Ruska Mihaylova Manuilova (1879–1949) or better known as her stage pseudonym – Roza Popova, was a Bulgarian actress and theater director and the wife of the Bulgarian writer Chicho Stoyan.

Biography

Early life and debut 
Roza Popova was born in Sofia, Bulgaria in 1879. She married in secret a little past her 16th birthday.

She studied theatrical arts under the direction of Konstantin Sapunov. During her high school education, she found her passion of acting and joined the traveling theatrical troupe "Zora". In 1897, Roza Popova makes her debut with her role of Sophia in "Iskreno Priyatelstvo" by Sardu in Veliko Tarnovo, the old capital of Bulgaria.

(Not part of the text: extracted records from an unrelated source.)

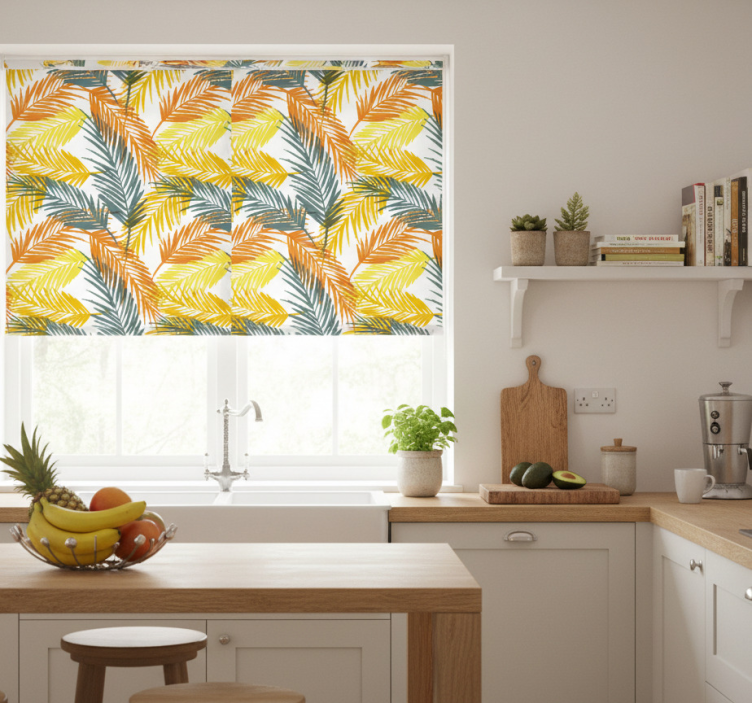 Een rolgordijn keuken palmbladeren tropisch patroon rolgordijn keuken is de perfecte decoratieve aanvulling voor iedere keuken. Het voegt niet alleen kleur en leven toe aan de ruimte, maar helpt ook om de algehele ambiance te verbeteren. Met dit rolgordijn voelt uw keuken warmer en uitnodigender aan, wat elke maaltijd een feestelijke touch geeft. Het is een eenvoudige manier om stijl en functionaliteit te combineren!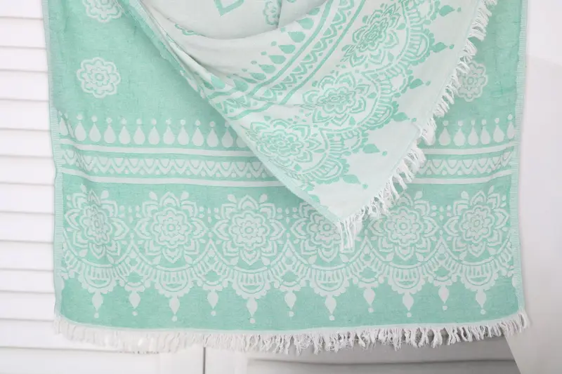 Characterized by its organic Turkish cotton fiber composition, this towel ensures enhanced absorbency and breathability, making it ideal for various applications. Resulting in a product of high quality, the towel measures 36x73 inches or 90x185 cm, with a weight of 340 grams, and exhibits a hand-weaving tolerance of up to 1-2.5 cm. Ensuring precision, the towel can be personalized with embroidery, monogramming, or lettering as per the customer's choice, with options available in various fonts, colors, and placements.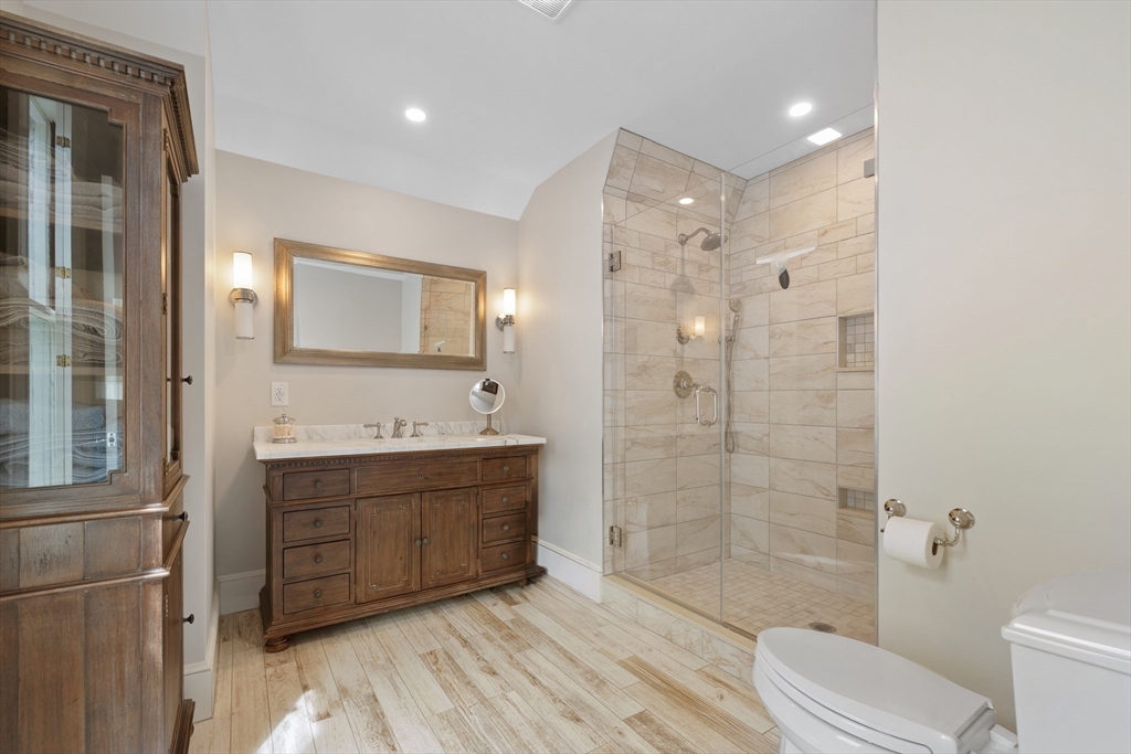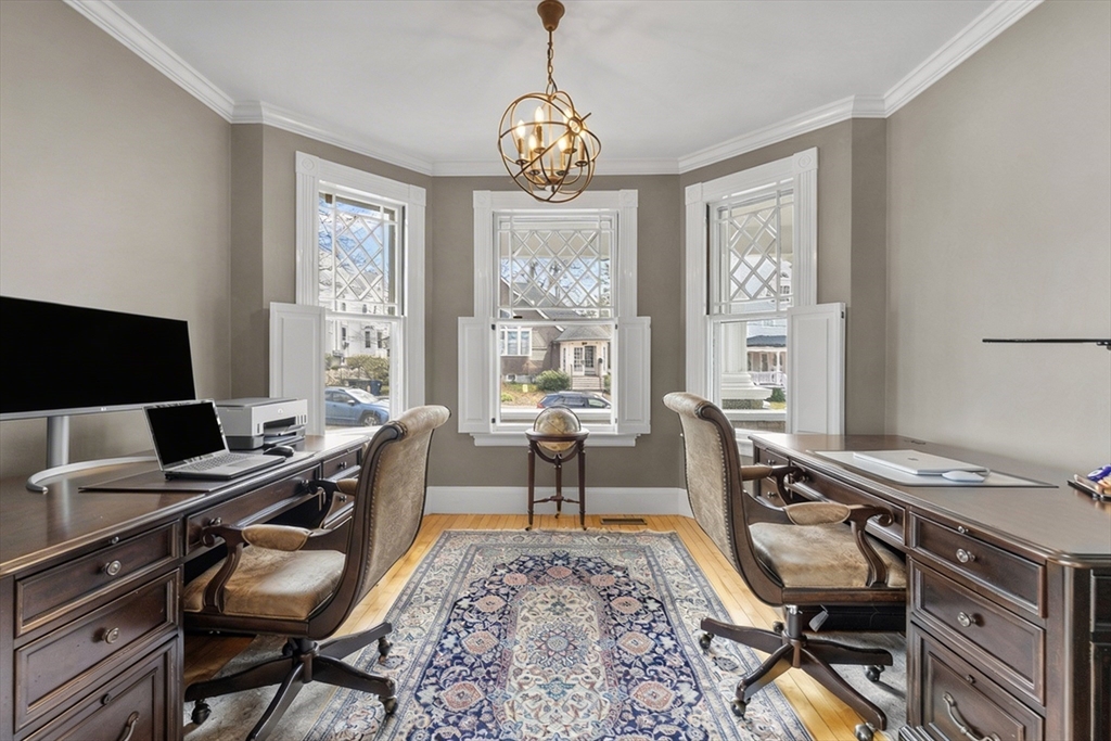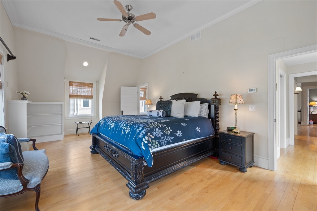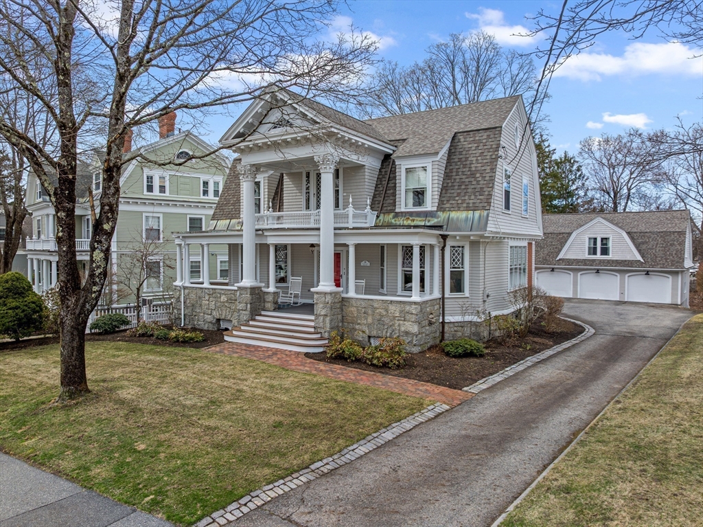 OWN A RARE PIECE OF ANDOVER HISTORY, “THE SPHINX HOUSE”! Located in downtown, two blocks from Phillips Academy, this distinguished Victorian blends timeless character with comfortable, livable elegance. Offering 5 beds, 4 full & 2 half baths across 5,660+ SF, the home features hardwood floors, crown molding, and a seamless layout for everyday living and entertaining. The sun-filled main level showcases a fireplaced living room, open dining area, family room, private office, and a new custom kitchen with cabinetry, quartz counters, oversized island, Wolf oven, and Sub-Zero fridge. Upstairs, the primary suite offers a walk-in closet and spa-like bath. Set on a .24-acre lot with a detached 3-car garage with EV charger, featuring finished upper-level space with kitchen, living area, bedroom, and full bath for flexible use. See attached document for list of updates and improvements. DON’T MISS THIS UNIQUE OPPORTUNITY!

However, official records state that her first major role and debut was in the play by Victor Hugo – Lucrezia Borgia (play) in the role of Lucrezia, with the collaboration of the most successful Bulgarian troupe – "Salza i Smyah". She then proceeded to play in the troupe alongside her husband, leading the troupe herself between 1900 and 1902. Afterward, she joined the Croatian troupe of M. Stoikovich.

Middle years 
In 1900 she was stalked by her admirer Todor Bogdanov, who was her teacher from Vratsa. On January 20, 1903, he shot her and himself, and died. She regained her strength despite the bad wound. She was also released from the service of the theater in the same year.

In the period between 1904 and 1906, she joined the troupe in Plovdiv.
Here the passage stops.